"Cold Steel!" Kellerman called over the combat channel. "Bridge clear! Bridge secure!"
Herrera was at the ship's wheel, his eyes startlingly wide against the blacking on his face. "Madre de Dios!"
Kellerman followed the other SEAL'S stare ahead, across the ship's forward deck to the black water beyond. The Adantis Queen was there, looming huge out of the predawn darkness, lights aglow at her bridge.
And the Pacific Sandpiper was headed straight toward her at twenty knots.
Cougar Twelve, Dean Deck Ten, Atlantis Queen Friday, 0544 hours EST
Dean flinched as the first shot rang out.
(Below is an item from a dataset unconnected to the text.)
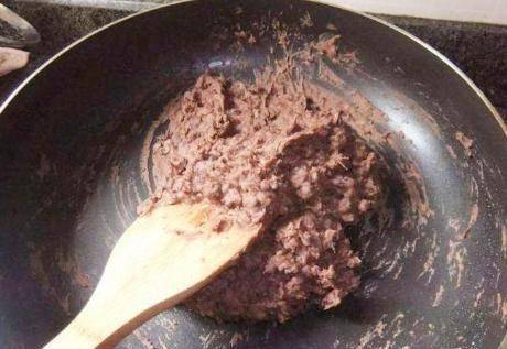 第三步,將紅豆煮軟。將豆瓣醬放入鍋中,開始煎。加入混合好的玉米油翻炒,攪拌均勻,讓豆瓣醬和玉米油完全融合。;

The smile on Khalid's bloodied face froze, then melted as the terrorist leader took a step to the side, half-turning. The man standing in the doorway to Kleito's Temple fired his handgun once again, and Khalid collapsed to the deck.
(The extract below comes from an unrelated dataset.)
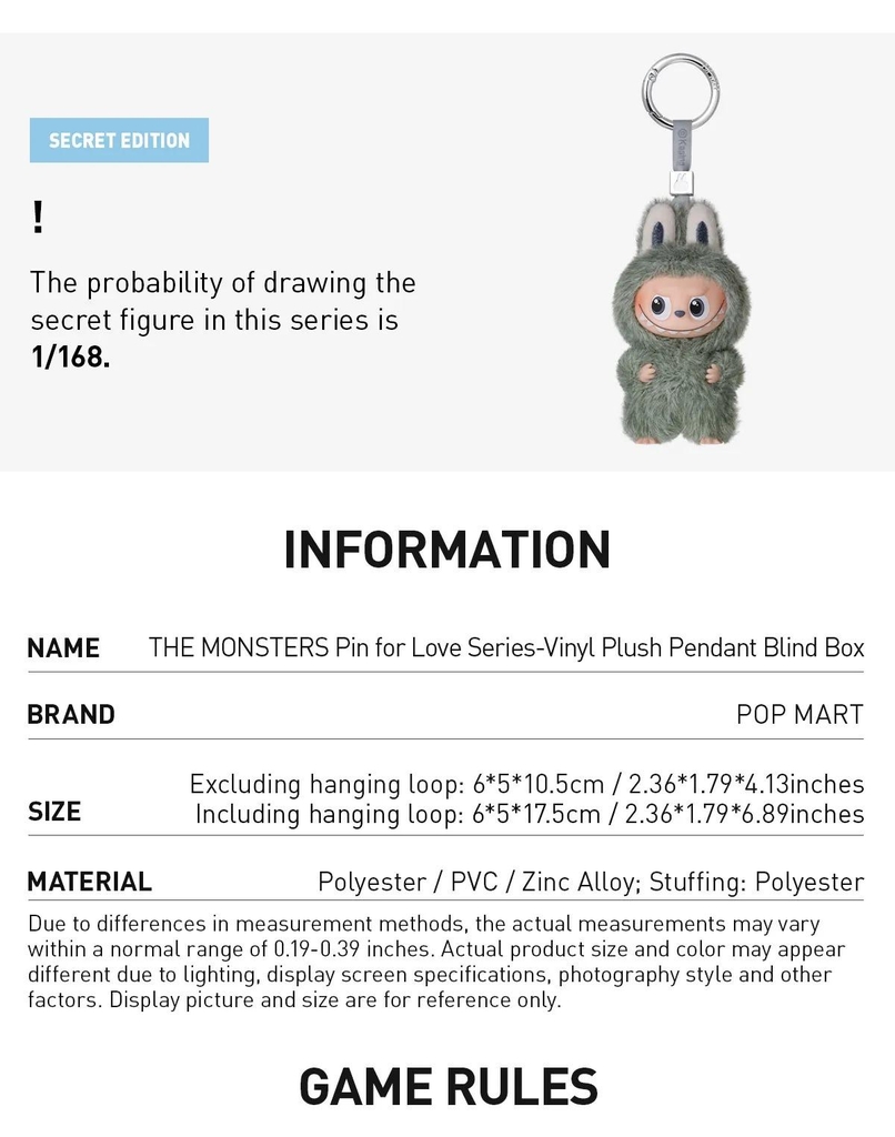 Kích thước: khoảng 10.5 cm, thiết kế plush pendant nhỏ gọn dễ mang theo

The man emerging from the bar was wearing a Royal Sky Line security uniform. Tucking the pistol into his waistband, he stooped to help Dean.
"Thanks," Dean murmured. Reaction was setting in, adrenaline thundering through his body, and he was starting to shake.
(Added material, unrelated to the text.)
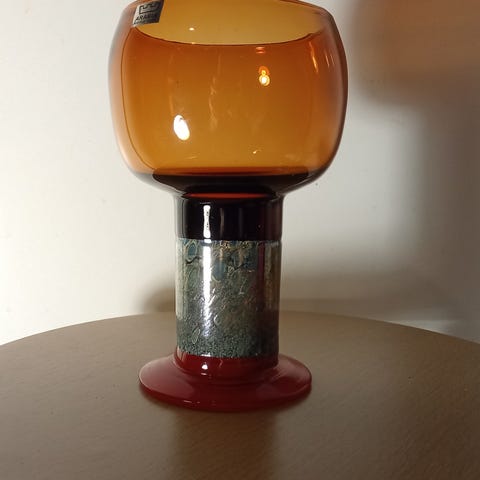 Ehjä ja hyväkuntoinen signeerattu Pokaali, korkeus 15 cm. Myös ruskea myynnissä. Arabia Nuutajärvi. Myyn vain noutona.

"No," Mohamed Ghailiani told him. "Thank you.
Deck Five, Atlantis Queen Friday, 0545 hours EST
Yaqub Nehim had been looking for one of the empty staterooms, a place to hide with his two personal hostages until the enemy came for him or the ship was blown to bits. He'd bound both women's wrists at their backs with plastic zip strips and herded them along the passageways with his Russian-made Makarov pistol. There were a number of empty staterooms here, and if the explosives in the hold didn't explode, it would be hours before anyone found the three of them. Plenty of time…
On Deck Four, he'd discovered that his key card no longer worked. None of the doors he'd tried would open.
Something, he knew, was going seriously wrong. For several minutes the radio on his belt had sounded with several sharp calls in Arabic, and once he'd heard the chatter of an automatic weapon. On Deck Five he'd met Ra'id Hijazi, panting and wild-eyed, who'd confirmed that enemy commandos had killed all of the fedayeen brothers in the theater moments after Nehim had left with his captives, that only he had managed to escape.
Nehim's thoughts of venting his lust on the two women melted instantly. "What should we do?" he cried. A new thought struck him. "We should kill these two!"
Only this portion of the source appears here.